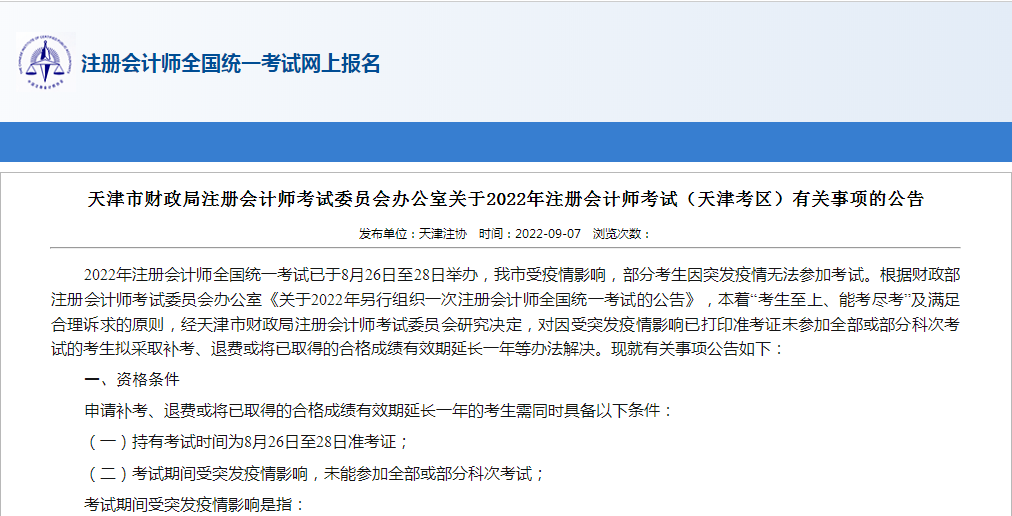 天津市注册会计师协会发布《2022年注册会计师考试(天津考区)有关事项的公告》
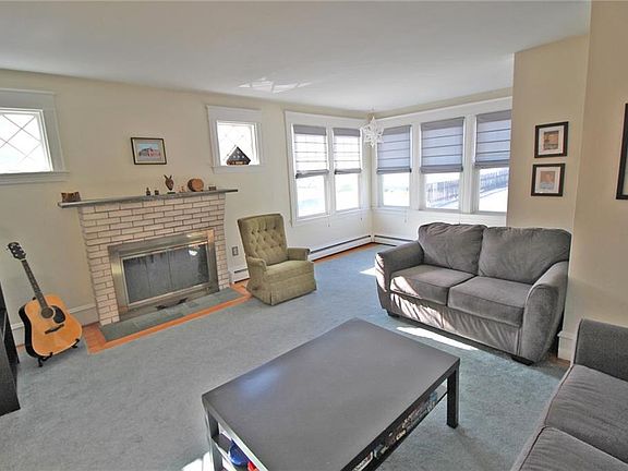 Charming 4 Bedroom Bungalow located on quiet Newport side street. The front Entry has a large coat closet and invites you into the spacious, light filled living room w/ hardwood flooring and wood burning fireplace. The living room is open to the dining room providing nice flow for entertaining. The kitchen has space for a table or island for casual dining. There is a back staircase to a mud room which leads both to the basement and also the deck and backyard. There are three bedrooms on the 1st floor providing options for an office and other purposes. A full bathroom with tub/shower with tile surround completes the first floor. The Master Bedroom on the 2nd floor has 4 skylights, exposed brick and built-ins and large closet. The basement has a room for man cave or playroom, a laundry room, storage space and a half bath. The exterior has vinyl siding and replacement windows for low maintenance. Off street parking for two cars. There are public tennis courts just up the street along with nearby parks. The convenient location is close to shopping, beach, downtown Newport and also has easy access to bridge and base.
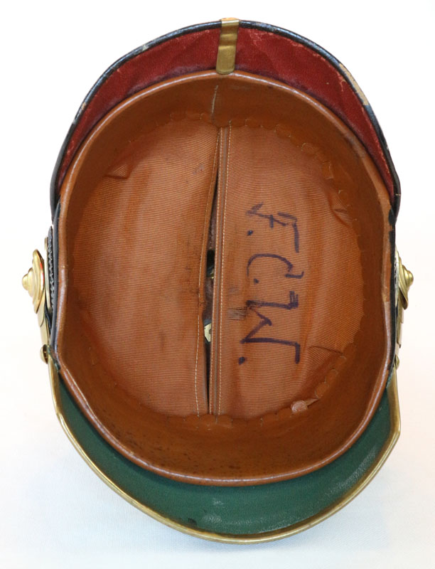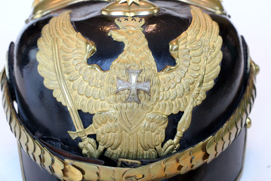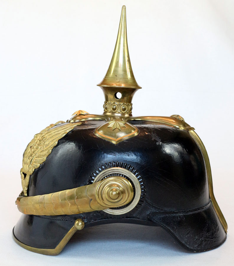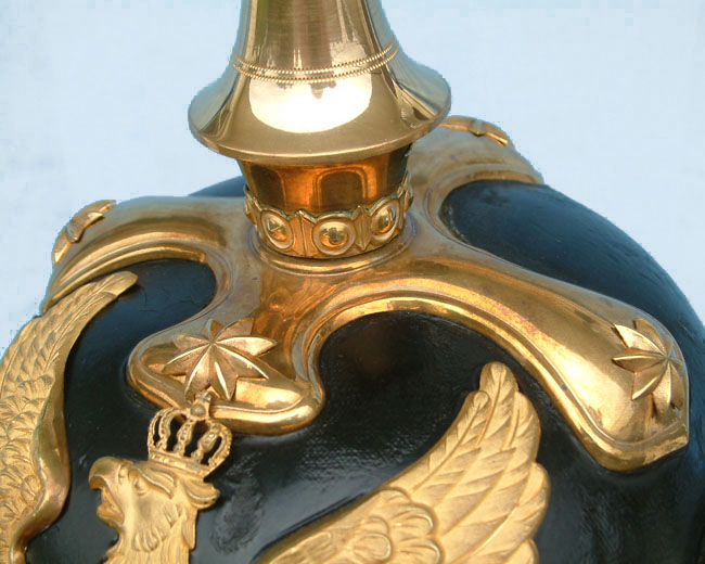 | A view of the Preußen Landwehr Officer's Dragoner Regt Pickelhaube profile. All Dragoner Regiments were allowed to wear a Haarbusch (parade plume). To accommodate a Haarbusch, the tall spike top is removable. | ||
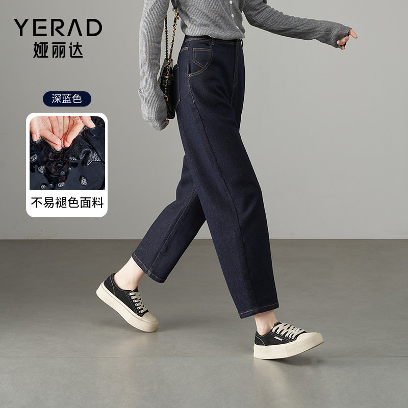 森柔牛仔|森马牛仔裤女磨毛长裤女士潮流秋休闲简约小直筒裤时尚
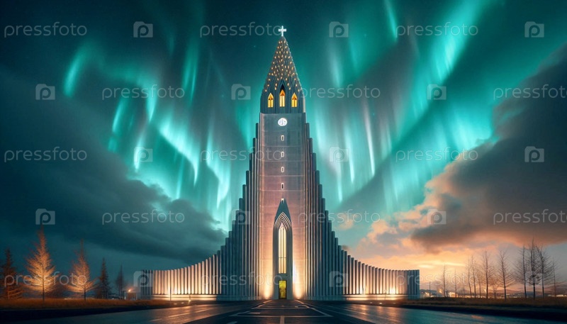 Northern Lights over Hallgrimskirkja, Ai generated image Северное сияние над Халлгримскиркью, Ай создано изображение

◆ WHAT YOU NEED TO DO ◆
Everything from the first line of the records through the line containing "Charming 4 Bedroom" should be reproduced exactly, apart from the pictures.

◆ RESPONSE BOX ◆
 天津市注册会计师协会发布《2022年注册会计师考试(天津考区)有关事项的公告》
 Charming 4 Bedroom Bungalow located on quiet Newport side street. The front Entry has a large coat closet and invites you into the spacious, light filled living room w/ hardwood flooring and wood burning fireplace. The living room is open to the dining room providing nice flow for entertaining. The kitchen has space for a table or island for casual dining. There is a back staircase to a mud room which leads both to the basement and also the deck and backyard. There are three bedrooms on the 1st floor providing options for an office and other purposes. A full bathroom with tub/shower with tile surround completes the first floor. The Master Bedroom on the 2nd floor has 4 skylights, exposed brick and built-ins and large closet. The basement has a room for man cave or playroom, a laundry room, storage space and a half bath. The exterior has vinyl siding and replacement windows for low maintenance. Off street parking for two cars. There are public tennis courts just up the street along with nearby parks. The convenient location is close to shopping, beach, downtown Newport and also has easy access to bridge and base.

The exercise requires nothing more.